Maray1967 · 07/04/2023 08:58

Schnooze · 06/04/2023 17:31

Stick firm on this one. He has no right to close down your world until it’s as small as the one he is personally comfortable with.

A happy marriage is one you both choose to be in. Not one in which one party has her wings clipped and is forced to be in.

Agreed. I go away with female friends for a weekend once a year - DH is fine with it. In the past I’ve gone away with male colleagues to visit an ex colleague abroad - again, no problem. We called it fieldwork without the students - brilliant. DH wouldn’t be interested in the daytime stuff - museums etc
Your situation feels controlling because it is.

Feemie · 07/04/2023 09:07

Dery · 06/04/2023 22:52

OP - stop defending him. Why are you tolerating this “women in groups are toxic” misogynistic bullshit? Do you not hear yourself when you repeat these views as if they’re somehow reasonable? Why are you okay with that as a reason? You’ve lost friends over the years because he’s ground you down with his controlling ways. Your marriage has been overwhelmingly good because you’ve done what he’s told you to do.

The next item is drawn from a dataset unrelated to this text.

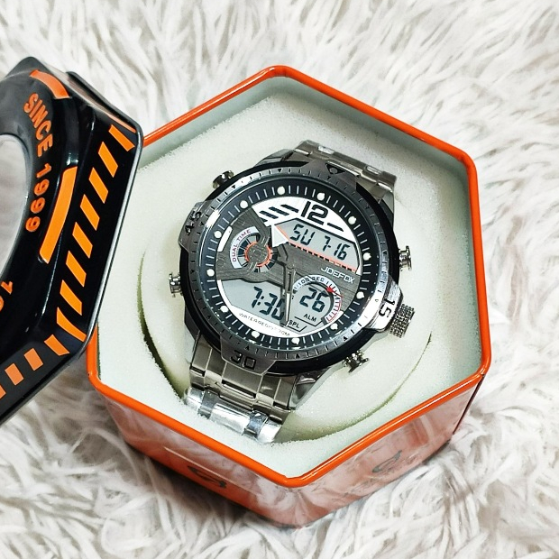 Joefox Men s Multi functional Dual Time LED Digital Sport Wrist Watch Sanda Resist 22 Meter W.R Silver Best E Commerce site in Rajshahi Padmazon Online Shopping in Rajshahi Very well made.

I think he’s worried you will start sharing things about your marriage and get feedback from your friends that might really make you challenge the status quo. That’s why he’s being so ridiculously OTT in his reaction. He’s worried your female friends will put ideas in your head about what an equal partnership looks like.

Agree. It sounds as if he’s afraid you’re going to talk about your marriage with friends and might realise it’s not great, that he’s controlling and insecure, and think you’ll only stay with him if he closes down anything that might give you the basis for comparison.

And please stop attributing your own ‘feistiness’ to menopause hormones. Maybe you’re just seeing clearly.

shutthewindownow · 07/04/2023 09:28

Call his bluff. Book a holiday with a girlfriend and go. You have worked hard to raise your family. It's time for you to start doing more things away from the home and the family. That doesn't mean you don't want to be with him but he must see this is very important for you to have your time now. Don't be controlled stand up for what's right.

JaneFondue · 07/04/2023 10:37

I really don't like the way you have referred to yourself as "feisty", when all you are doing is refusing to follow your husband's every wish. It's deeply misogynistic.

Taliaboo · 08/04/2023 10:22

Hi All,
I think I should have clarified earlier that my friends situation is of my own making. In my early teens I was timid and introverted and always on the edge of friendship groups. I guess I didn’t have the self belief or love to believe that I was worthy of being someone’s best friend, anyway going forward many years my confidence grew with college, then with partners, DH and with family and work, loose friendships with colleagues etc etc. I let friendships slide not him and now need to prioritise that area of my life.
This doesn’t take away from DH’s words to me which I do agree are pretty bizarre and not acceptable. It has been useful getting everyone’s feedback, He isn’t a bastard but maybe a bit in need of therapy! I will stay strong and agree with earlier comment no one should have their wings clipped in a marriage, we should have the opposite- room to blossom.